- Opening Delimiter -

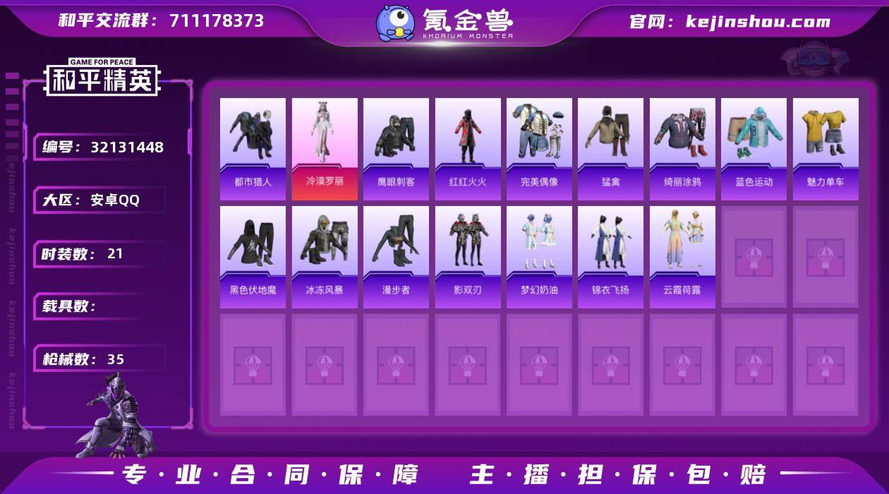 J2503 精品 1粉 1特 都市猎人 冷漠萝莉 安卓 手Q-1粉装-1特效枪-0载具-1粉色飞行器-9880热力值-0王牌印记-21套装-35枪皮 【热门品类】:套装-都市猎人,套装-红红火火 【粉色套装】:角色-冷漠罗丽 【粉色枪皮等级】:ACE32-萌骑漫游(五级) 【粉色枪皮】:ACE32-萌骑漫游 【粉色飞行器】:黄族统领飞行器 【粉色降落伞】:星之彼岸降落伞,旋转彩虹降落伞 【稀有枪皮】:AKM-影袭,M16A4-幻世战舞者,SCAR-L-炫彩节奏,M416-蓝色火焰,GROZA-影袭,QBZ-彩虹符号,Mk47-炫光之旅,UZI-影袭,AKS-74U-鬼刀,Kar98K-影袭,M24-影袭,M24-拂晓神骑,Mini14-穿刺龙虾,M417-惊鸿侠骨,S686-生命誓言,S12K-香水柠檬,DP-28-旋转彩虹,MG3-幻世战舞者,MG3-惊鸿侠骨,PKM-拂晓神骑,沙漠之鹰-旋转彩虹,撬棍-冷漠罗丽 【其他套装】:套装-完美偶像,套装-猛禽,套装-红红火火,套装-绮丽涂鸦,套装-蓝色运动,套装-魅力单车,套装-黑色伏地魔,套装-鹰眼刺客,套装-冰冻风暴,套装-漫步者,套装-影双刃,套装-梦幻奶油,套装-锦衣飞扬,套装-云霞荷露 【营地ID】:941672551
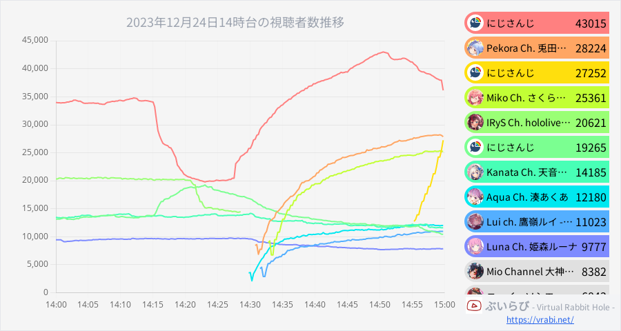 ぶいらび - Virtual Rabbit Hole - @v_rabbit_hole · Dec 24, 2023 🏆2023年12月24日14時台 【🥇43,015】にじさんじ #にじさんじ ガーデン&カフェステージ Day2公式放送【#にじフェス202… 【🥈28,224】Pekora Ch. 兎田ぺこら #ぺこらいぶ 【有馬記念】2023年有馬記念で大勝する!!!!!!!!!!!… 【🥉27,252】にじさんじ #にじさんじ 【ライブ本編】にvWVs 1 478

- Closing Delimiter -
- Opening Delimiter -

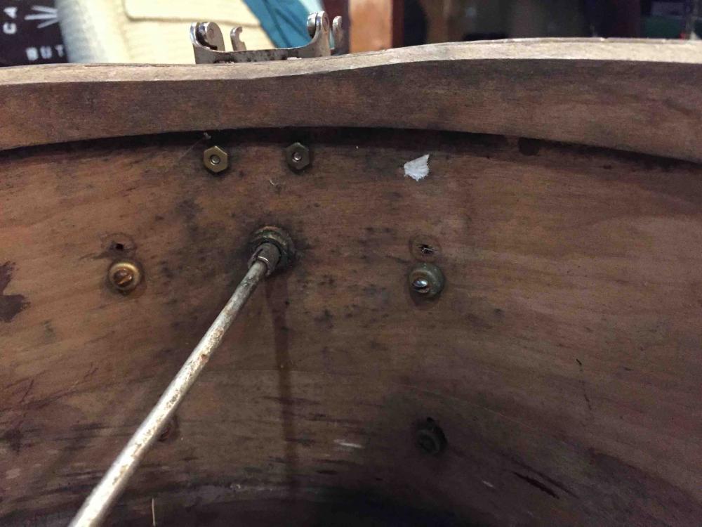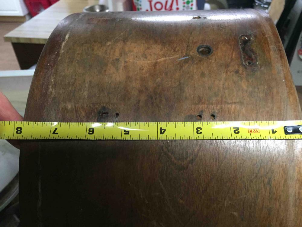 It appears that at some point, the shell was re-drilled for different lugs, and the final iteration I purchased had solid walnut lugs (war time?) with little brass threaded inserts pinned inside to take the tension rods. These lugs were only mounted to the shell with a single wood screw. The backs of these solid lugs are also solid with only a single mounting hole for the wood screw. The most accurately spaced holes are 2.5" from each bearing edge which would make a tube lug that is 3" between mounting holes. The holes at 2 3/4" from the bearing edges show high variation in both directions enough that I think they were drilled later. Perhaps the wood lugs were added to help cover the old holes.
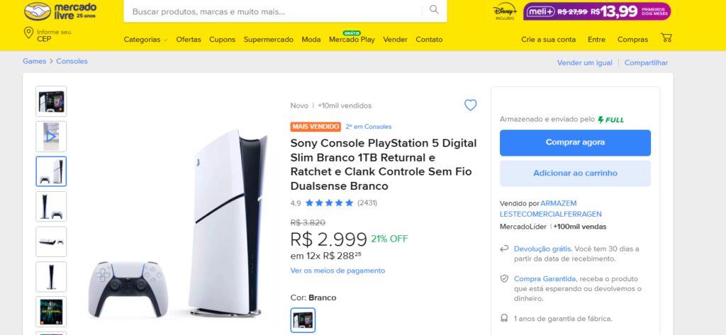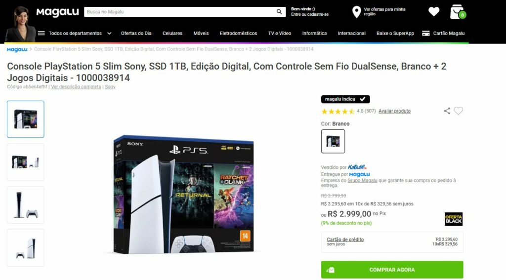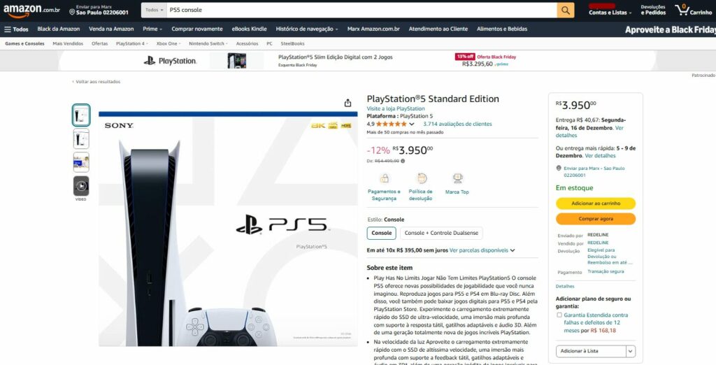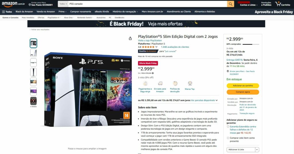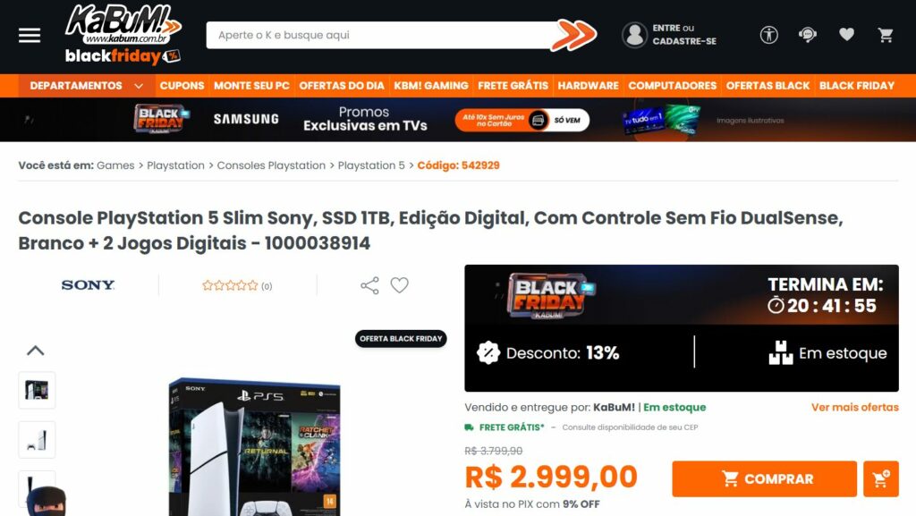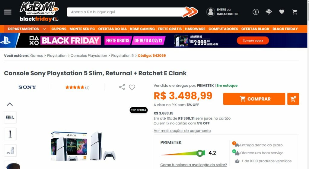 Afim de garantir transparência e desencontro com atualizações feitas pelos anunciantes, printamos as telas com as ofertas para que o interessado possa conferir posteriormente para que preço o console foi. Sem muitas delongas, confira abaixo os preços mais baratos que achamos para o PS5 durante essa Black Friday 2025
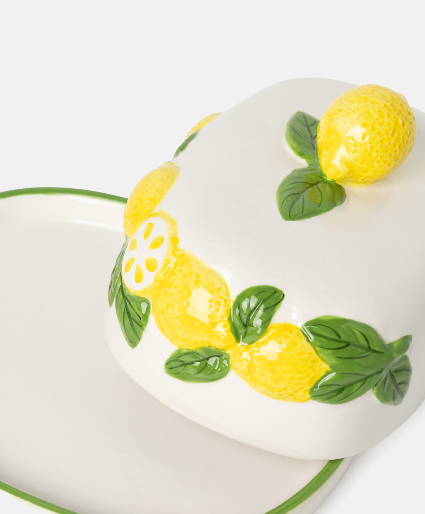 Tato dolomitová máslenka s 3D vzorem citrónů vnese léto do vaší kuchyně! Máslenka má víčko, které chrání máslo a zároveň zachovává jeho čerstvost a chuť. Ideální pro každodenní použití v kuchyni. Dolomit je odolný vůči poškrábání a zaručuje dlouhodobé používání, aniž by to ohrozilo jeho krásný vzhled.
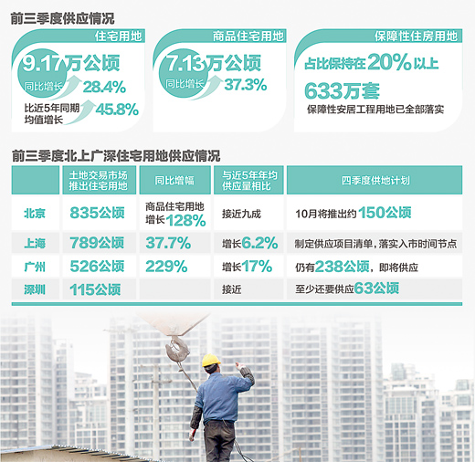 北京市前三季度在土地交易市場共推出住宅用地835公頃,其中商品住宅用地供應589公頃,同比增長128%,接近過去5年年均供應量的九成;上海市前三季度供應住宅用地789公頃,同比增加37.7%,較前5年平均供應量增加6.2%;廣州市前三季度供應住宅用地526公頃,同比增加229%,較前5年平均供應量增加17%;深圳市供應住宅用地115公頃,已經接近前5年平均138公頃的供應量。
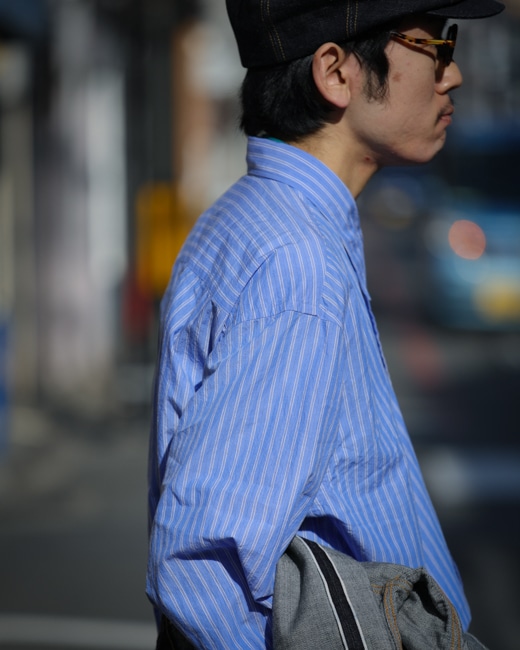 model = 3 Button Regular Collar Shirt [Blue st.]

- Closing Delimiter -

# Task statement
Your reply is to be an exact repeat of the listing above from the line holding "北京市前三季度在土地交易市場" down to the line holding "model = 3 Button", ends included, pictures excluded.

# Response to this task
 北京市前三季度在土地交易市場共推出住宅用地835公頃,其中商品住宅用地供應589公頃,同比增長128%,接近過去5年年均供應量的九成;上海市前三季度供應住宅用地789公頃,同比增加37.7%,較前5年平均供應量增加6.2%;廣州市前三季度供應住宅用地526公頃,同比增加229%,較前5年平均供應量增加17%;深圳市供應住宅用地115公頃,已經接近前5年平均138公頃的供應量。
 model = 3 Button Regular Collar Shirt [Blue st.]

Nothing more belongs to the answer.